** Input material follows **

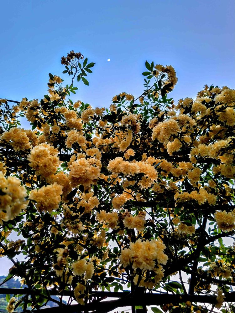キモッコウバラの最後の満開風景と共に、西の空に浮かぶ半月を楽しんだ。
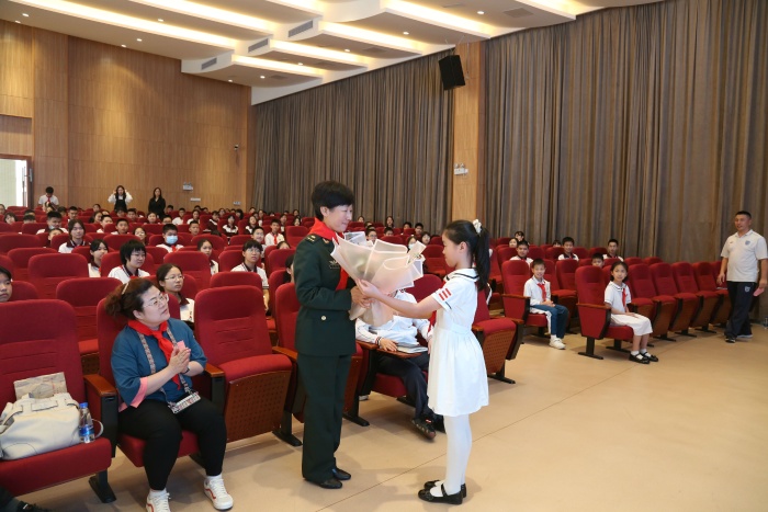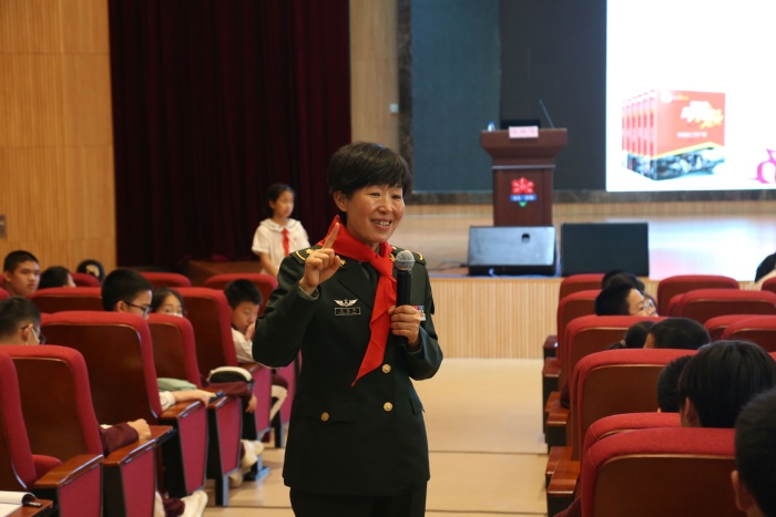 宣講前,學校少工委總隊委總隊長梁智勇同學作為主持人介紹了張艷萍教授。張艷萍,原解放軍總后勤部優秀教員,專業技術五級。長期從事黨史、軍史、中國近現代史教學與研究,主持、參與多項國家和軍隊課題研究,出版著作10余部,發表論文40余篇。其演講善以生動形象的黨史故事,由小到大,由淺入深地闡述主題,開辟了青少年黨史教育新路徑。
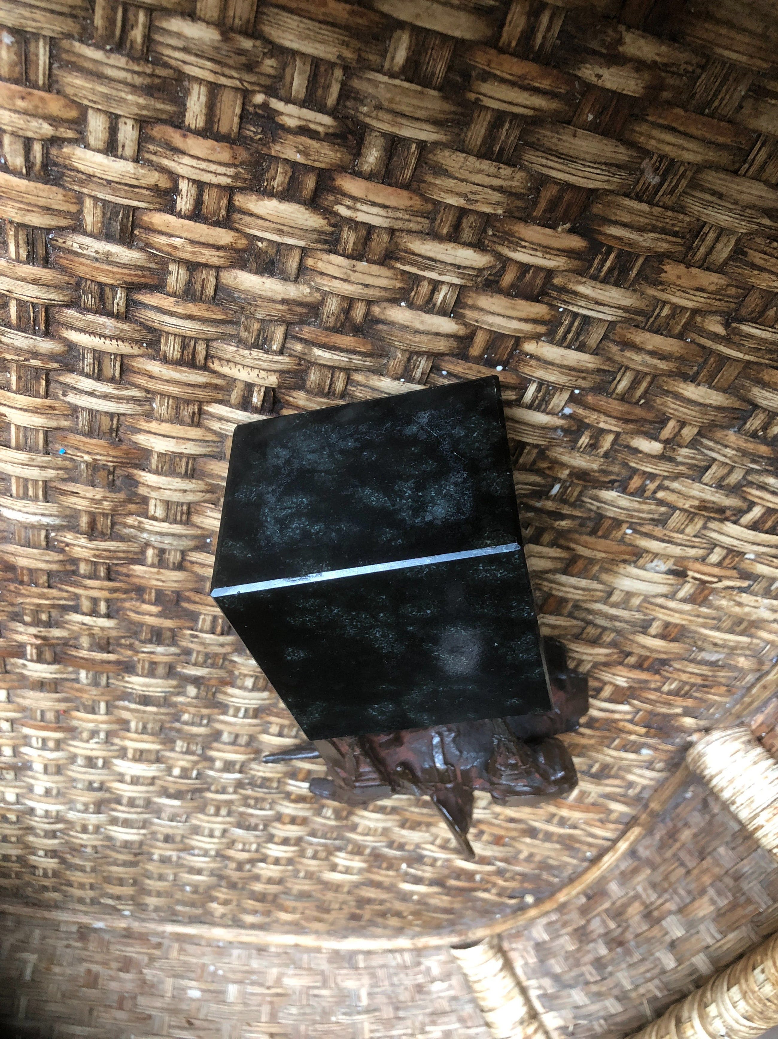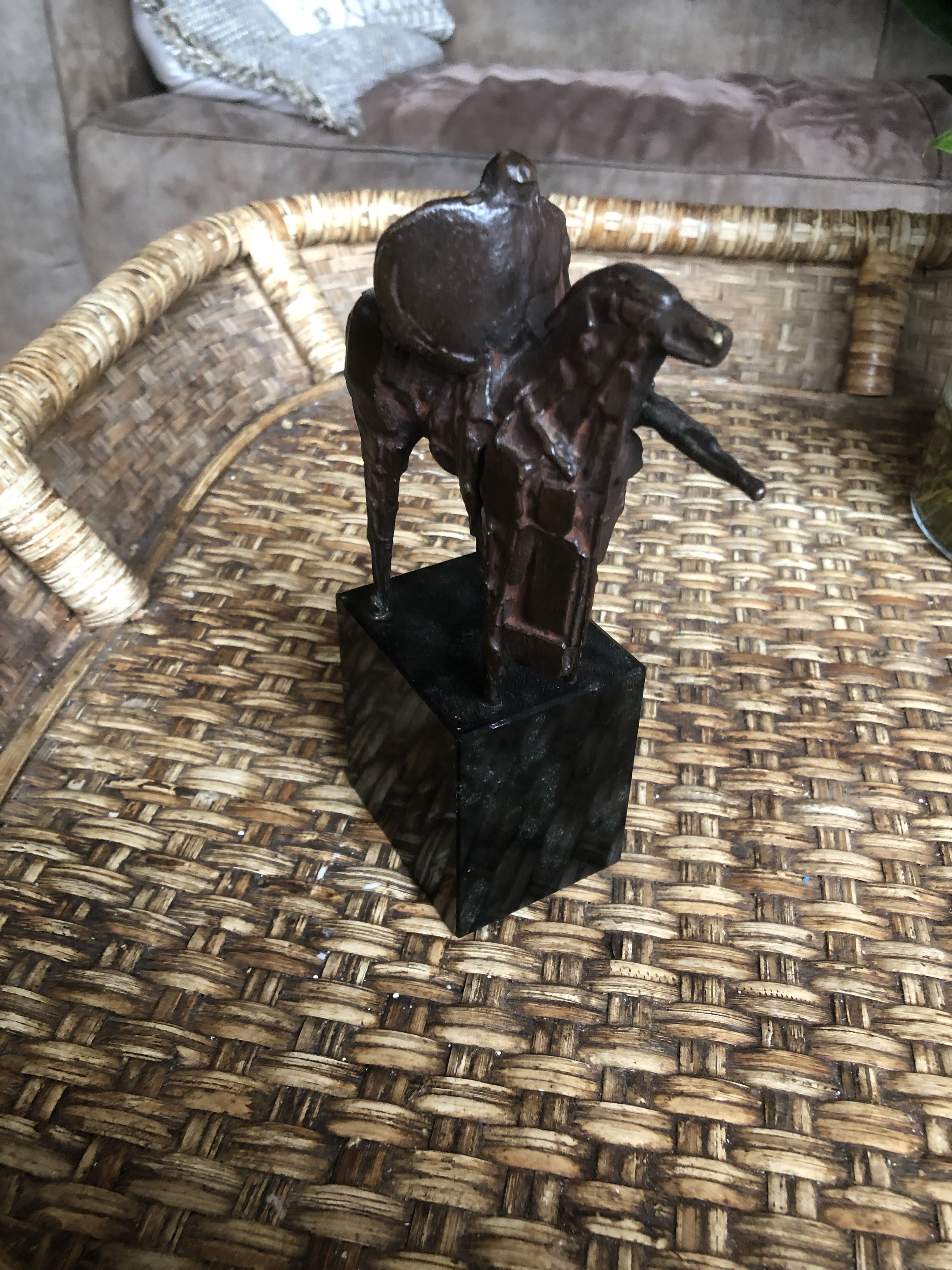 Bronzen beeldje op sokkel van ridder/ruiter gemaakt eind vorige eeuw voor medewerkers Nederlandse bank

** End of Input material **
** Input material follows **

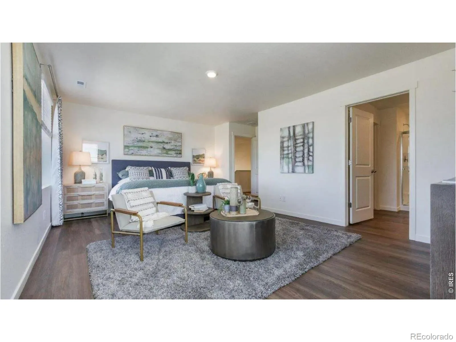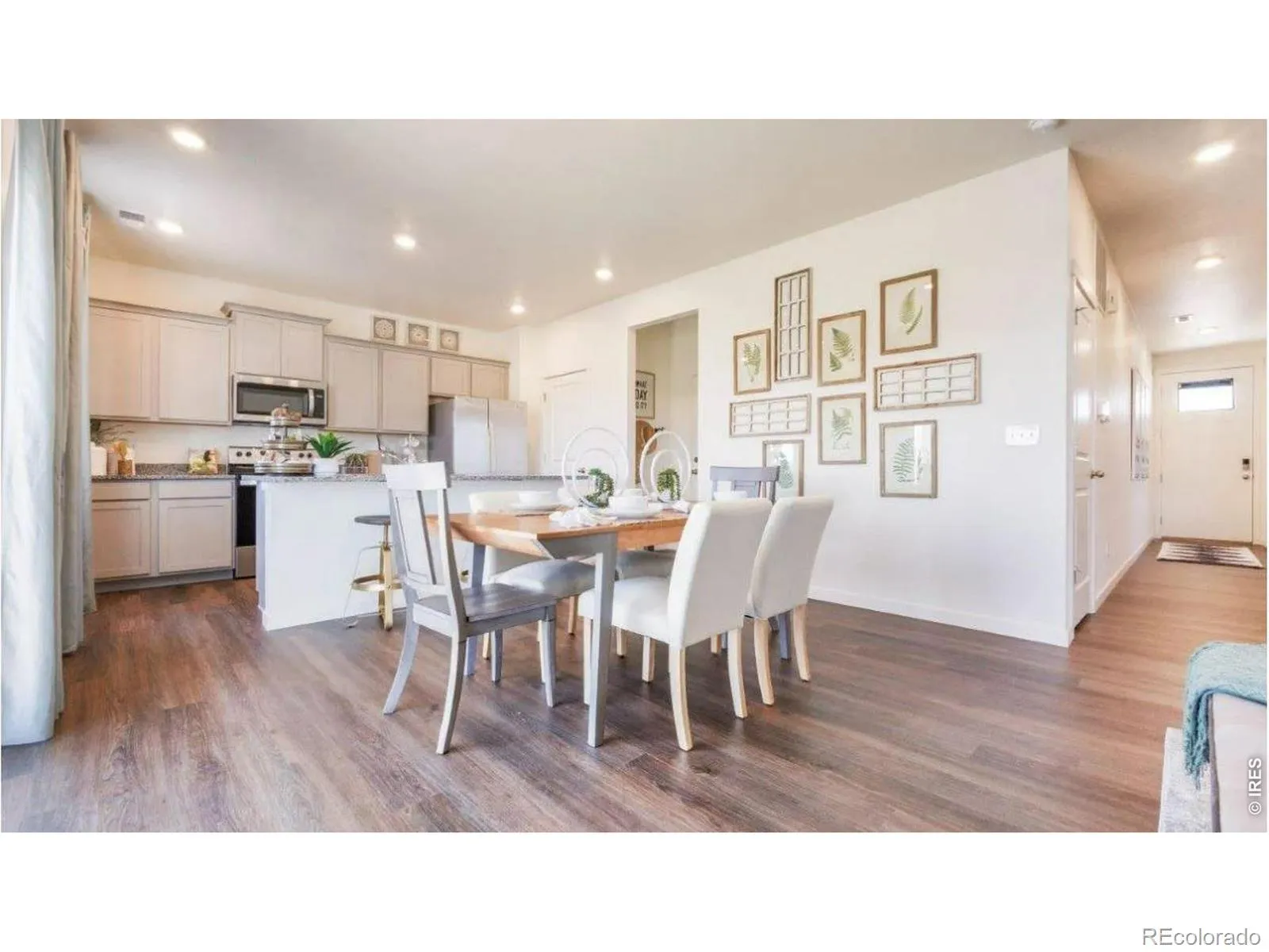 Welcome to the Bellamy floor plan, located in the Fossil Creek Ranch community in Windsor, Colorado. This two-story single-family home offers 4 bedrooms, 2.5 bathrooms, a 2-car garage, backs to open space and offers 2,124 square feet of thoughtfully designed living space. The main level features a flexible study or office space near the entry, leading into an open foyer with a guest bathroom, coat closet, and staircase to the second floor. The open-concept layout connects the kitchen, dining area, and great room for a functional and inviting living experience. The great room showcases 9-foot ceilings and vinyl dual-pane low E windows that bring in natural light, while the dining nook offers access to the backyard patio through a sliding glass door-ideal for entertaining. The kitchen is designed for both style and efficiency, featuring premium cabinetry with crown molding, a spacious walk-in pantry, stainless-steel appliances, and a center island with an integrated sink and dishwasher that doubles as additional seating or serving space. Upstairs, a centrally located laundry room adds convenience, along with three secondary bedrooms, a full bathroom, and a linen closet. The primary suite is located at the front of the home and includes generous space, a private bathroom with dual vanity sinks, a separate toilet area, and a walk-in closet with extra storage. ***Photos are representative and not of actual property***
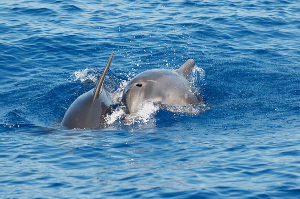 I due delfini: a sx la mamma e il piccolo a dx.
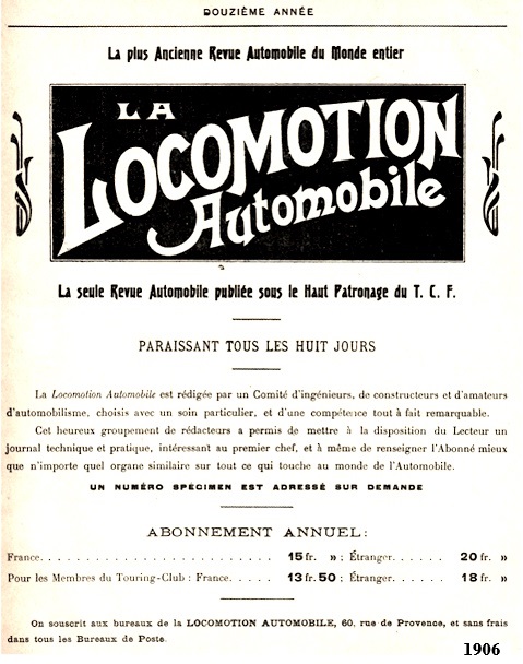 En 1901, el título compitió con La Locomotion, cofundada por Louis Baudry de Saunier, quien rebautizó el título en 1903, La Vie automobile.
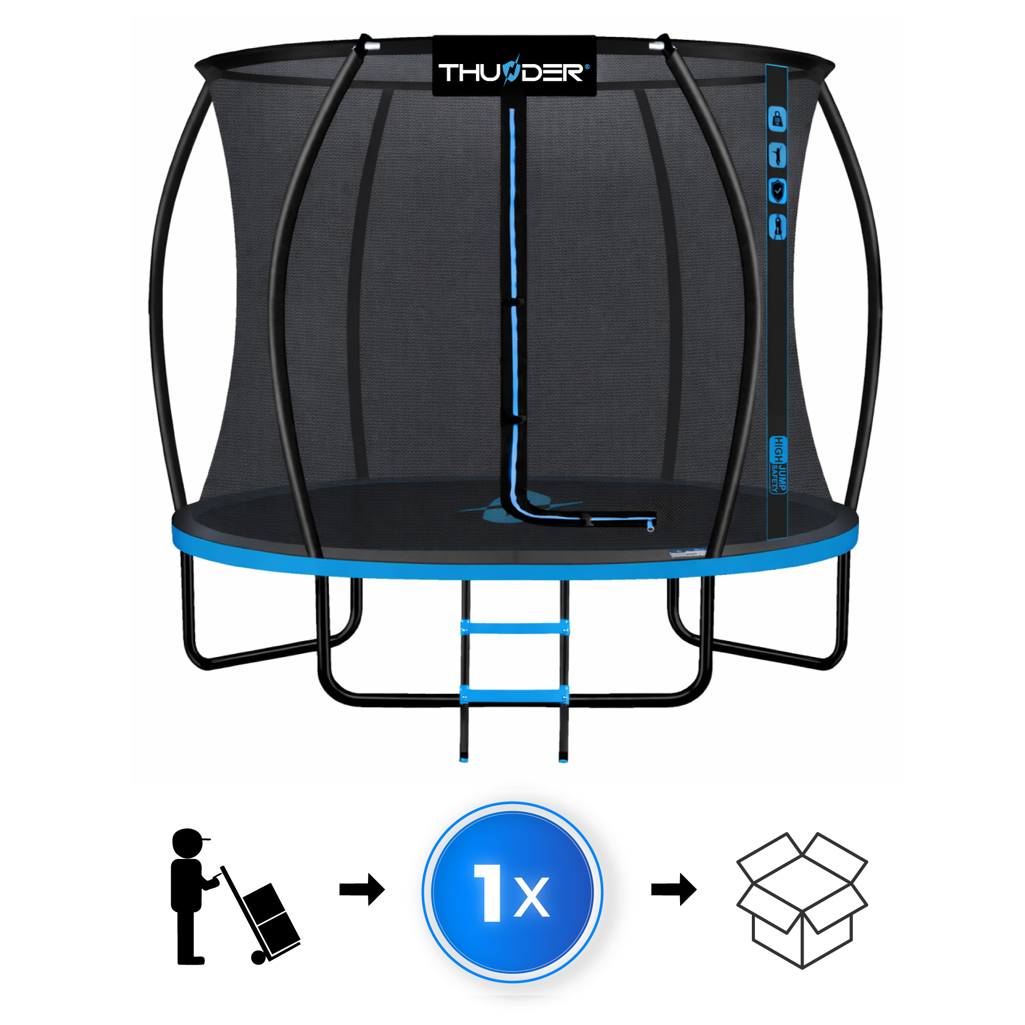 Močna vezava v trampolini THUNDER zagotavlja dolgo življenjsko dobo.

** End of Input material **

Although pictures appear among the records above, write out exactly only the lines from the one that has "キモッコウバラの最後の満開風景と共に、西の空に浮かぶ半月を楽しんだ。" through the one that has "Bronzen beeldje op", and leave the pictures out.

> [Written answer]:
キモッコウバラの最後の満開風景と共に、西の空に浮かぶ半月を楽しんだ。
 宣講前,學校少工委總隊委總隊長梁智勇同學作為主持人介紹了張艷萍教授。張艷萍,原解放軍總后勤部優秀教員,專業技術五級。長期從事黨史、軍史、中國近現代史教學與研究,主持、參與多項國家和軍隊課題研究,出版著作10余部,發表論文40余篇。其演講善以生動形象的黨史故事,由小到大,由淺入深地闡述主題,開辟了青少年黨史教育新路徑。
 Bronzen beeldje op sokkel van ridder/ruiter gemaakt eind vorige eeuw voor medewerkers Nederlandse bank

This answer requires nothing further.